===== DATASET EXCERPTS
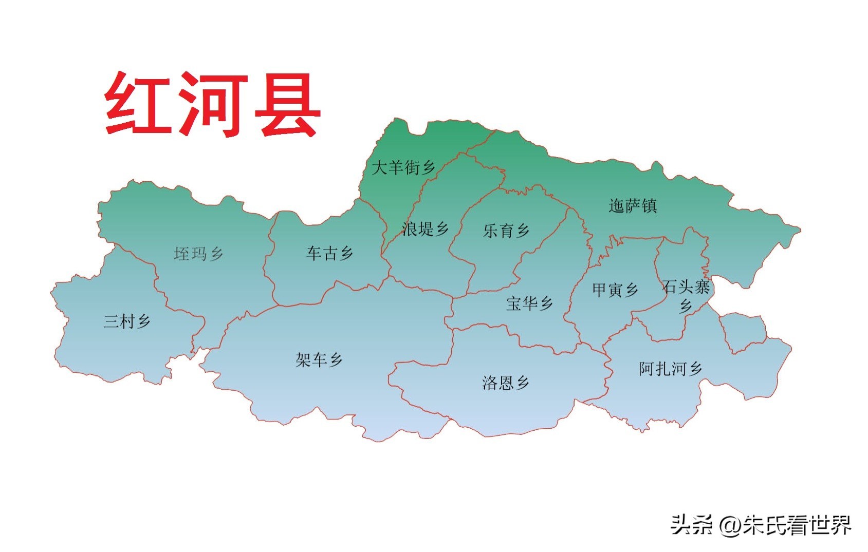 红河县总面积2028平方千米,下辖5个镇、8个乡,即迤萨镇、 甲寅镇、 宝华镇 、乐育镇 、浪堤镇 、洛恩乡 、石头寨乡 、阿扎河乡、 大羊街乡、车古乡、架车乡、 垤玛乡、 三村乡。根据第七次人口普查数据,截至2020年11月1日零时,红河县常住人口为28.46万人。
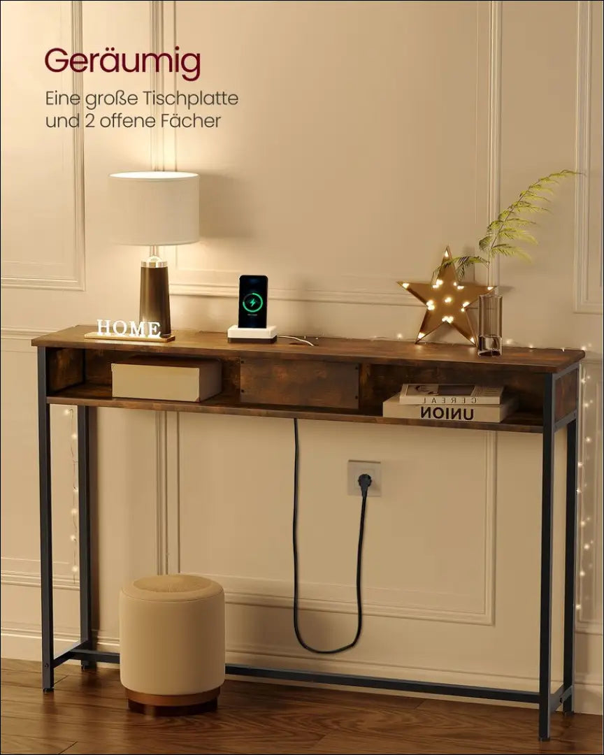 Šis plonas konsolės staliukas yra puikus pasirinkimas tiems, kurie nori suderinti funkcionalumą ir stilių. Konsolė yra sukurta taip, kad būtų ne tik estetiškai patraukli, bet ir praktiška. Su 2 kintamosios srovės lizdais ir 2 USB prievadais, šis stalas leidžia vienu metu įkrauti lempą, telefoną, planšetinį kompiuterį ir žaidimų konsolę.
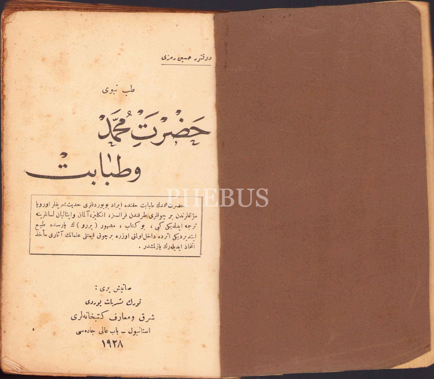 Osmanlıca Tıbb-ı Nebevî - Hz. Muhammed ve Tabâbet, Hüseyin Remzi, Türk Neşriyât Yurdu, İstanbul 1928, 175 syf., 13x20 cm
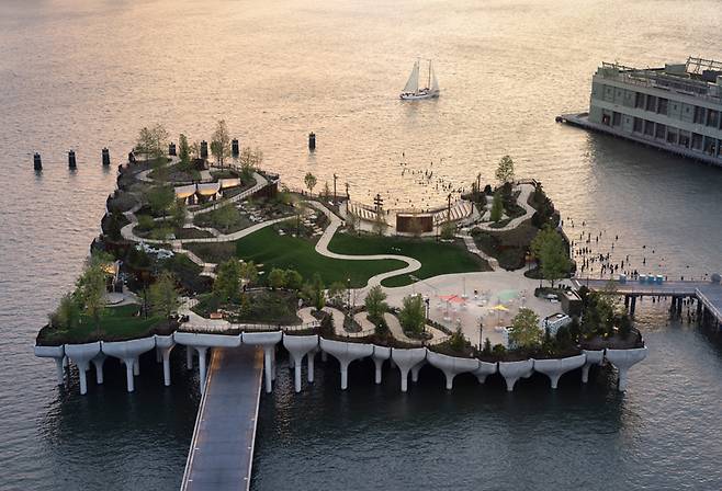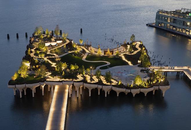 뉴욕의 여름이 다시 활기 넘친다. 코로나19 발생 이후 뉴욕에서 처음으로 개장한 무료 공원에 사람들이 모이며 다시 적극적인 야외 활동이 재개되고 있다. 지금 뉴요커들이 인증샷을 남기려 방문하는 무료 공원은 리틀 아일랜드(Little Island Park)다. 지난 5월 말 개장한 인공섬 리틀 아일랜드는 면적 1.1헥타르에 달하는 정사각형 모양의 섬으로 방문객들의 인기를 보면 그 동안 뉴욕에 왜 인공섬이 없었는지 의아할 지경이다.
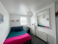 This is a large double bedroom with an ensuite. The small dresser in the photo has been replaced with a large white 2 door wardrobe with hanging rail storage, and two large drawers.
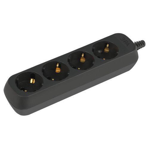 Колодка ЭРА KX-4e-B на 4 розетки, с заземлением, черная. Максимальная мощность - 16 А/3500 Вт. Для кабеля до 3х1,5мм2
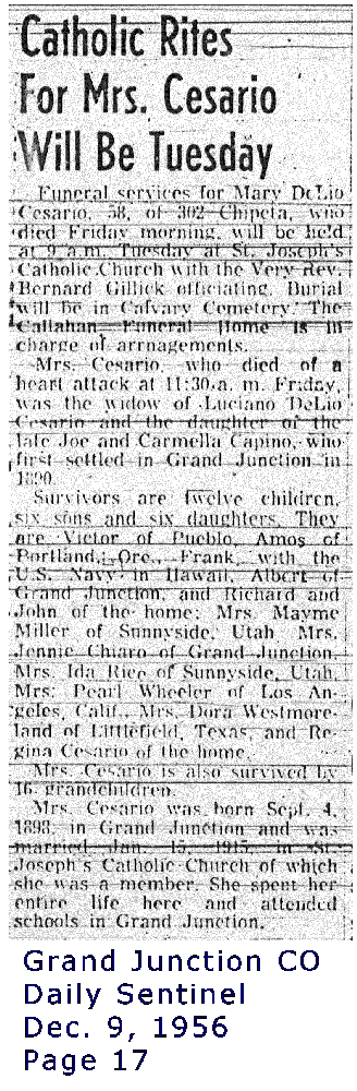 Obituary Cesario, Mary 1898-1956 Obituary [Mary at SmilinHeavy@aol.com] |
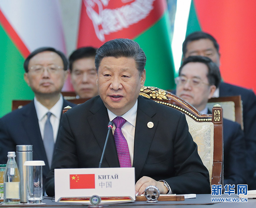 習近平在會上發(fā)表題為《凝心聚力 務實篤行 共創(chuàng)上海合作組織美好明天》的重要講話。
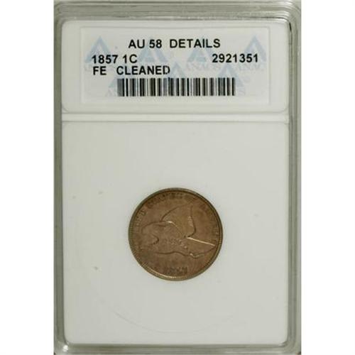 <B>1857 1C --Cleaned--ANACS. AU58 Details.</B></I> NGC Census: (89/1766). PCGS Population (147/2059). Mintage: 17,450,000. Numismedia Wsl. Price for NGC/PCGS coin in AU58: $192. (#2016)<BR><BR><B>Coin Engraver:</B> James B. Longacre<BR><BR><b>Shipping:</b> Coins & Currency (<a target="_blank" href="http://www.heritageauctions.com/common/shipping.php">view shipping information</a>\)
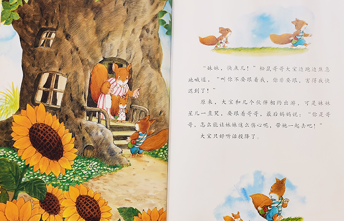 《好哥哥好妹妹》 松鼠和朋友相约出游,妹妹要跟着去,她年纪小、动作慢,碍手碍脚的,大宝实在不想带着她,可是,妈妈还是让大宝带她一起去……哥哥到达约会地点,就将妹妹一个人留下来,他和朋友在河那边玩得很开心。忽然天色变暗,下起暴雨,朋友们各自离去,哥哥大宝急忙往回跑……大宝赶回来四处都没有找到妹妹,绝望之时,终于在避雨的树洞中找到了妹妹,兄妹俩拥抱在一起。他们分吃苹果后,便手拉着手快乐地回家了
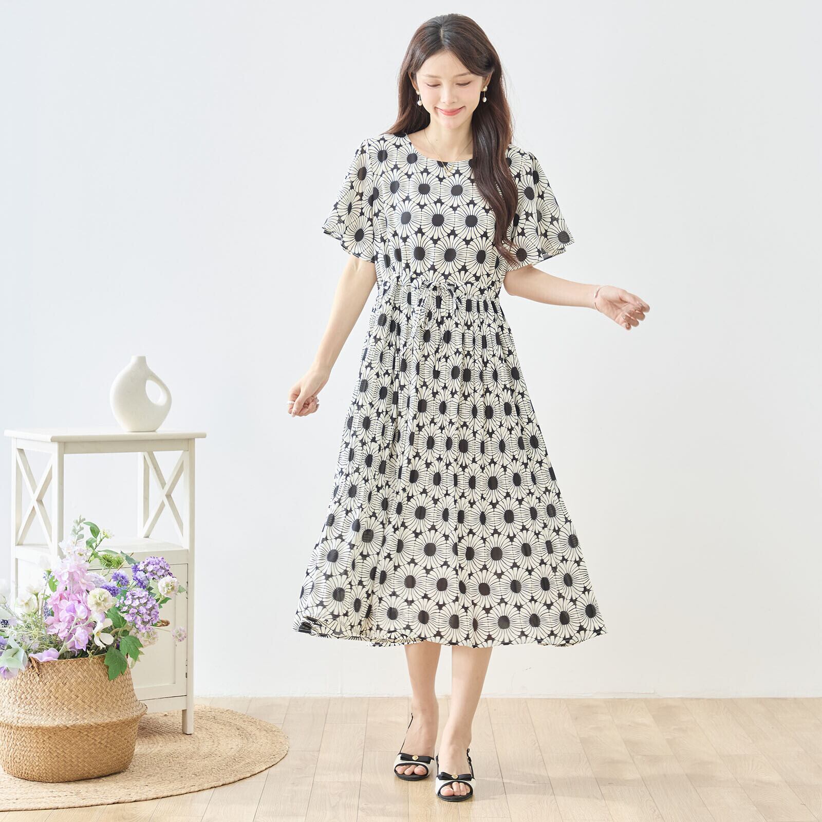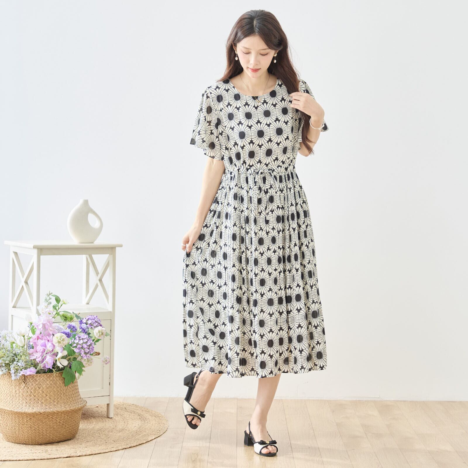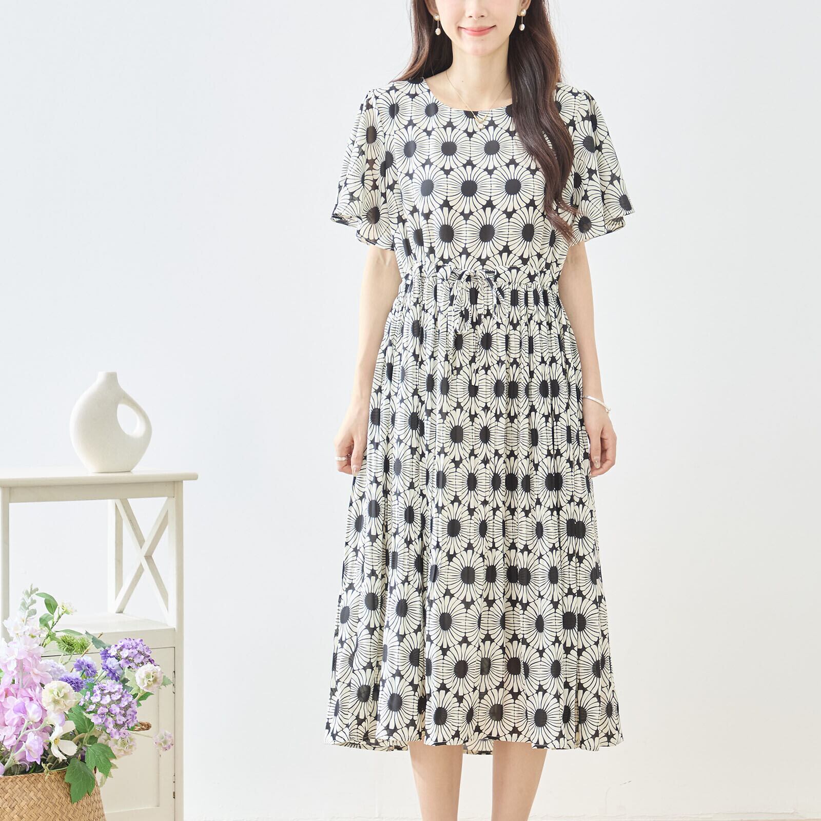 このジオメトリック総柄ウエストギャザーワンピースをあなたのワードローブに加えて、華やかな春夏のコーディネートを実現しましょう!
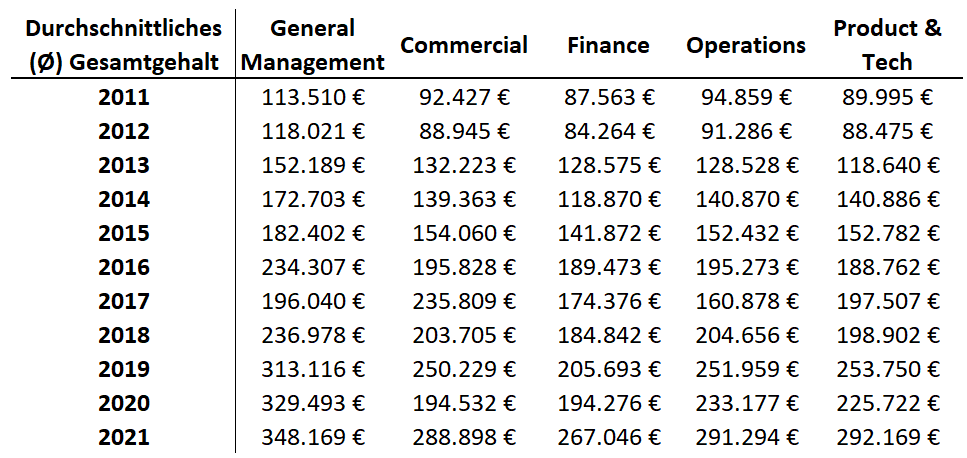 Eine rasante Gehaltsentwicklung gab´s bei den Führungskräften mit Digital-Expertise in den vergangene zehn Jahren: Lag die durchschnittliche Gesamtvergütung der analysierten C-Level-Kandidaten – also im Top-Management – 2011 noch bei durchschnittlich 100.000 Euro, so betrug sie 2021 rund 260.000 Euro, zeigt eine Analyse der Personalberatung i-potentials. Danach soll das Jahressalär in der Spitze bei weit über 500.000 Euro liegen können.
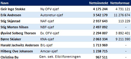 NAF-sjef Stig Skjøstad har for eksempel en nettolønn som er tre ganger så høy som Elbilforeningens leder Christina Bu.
==========
### WHAT YOU SHOULD DO
Please write out, word for word, each line from the one with "Eine rasante Gehaltsentwicklung" to the last line of the data, keeping both ends and omitting pictures.

### WORKED SOLUTION
 Eine rasante Gehaltsentwicklung gab´s bei den Führungskräften mit Digital-Expertise in den vergangene zehn Jahren: Lag die durchschnittliche Gesamtvergütung der analysierten C-Level-Kandidaten – also im Top-Management – 2011 noch bei durchschnittlich 100.000 Euro, so betrug sie 2021 rund 260.000 Euro, zeigt eine Analyse der Personalberatung i-potentials. Danach soll das Jahressalär in der Spitze bei weit über 500.000 Euro liegen können.
 NAF-sjef Stig Skjøstad har for eksempel en nettolønn som er tre ganger så høy som Elbilforeningens leder Christina Bu.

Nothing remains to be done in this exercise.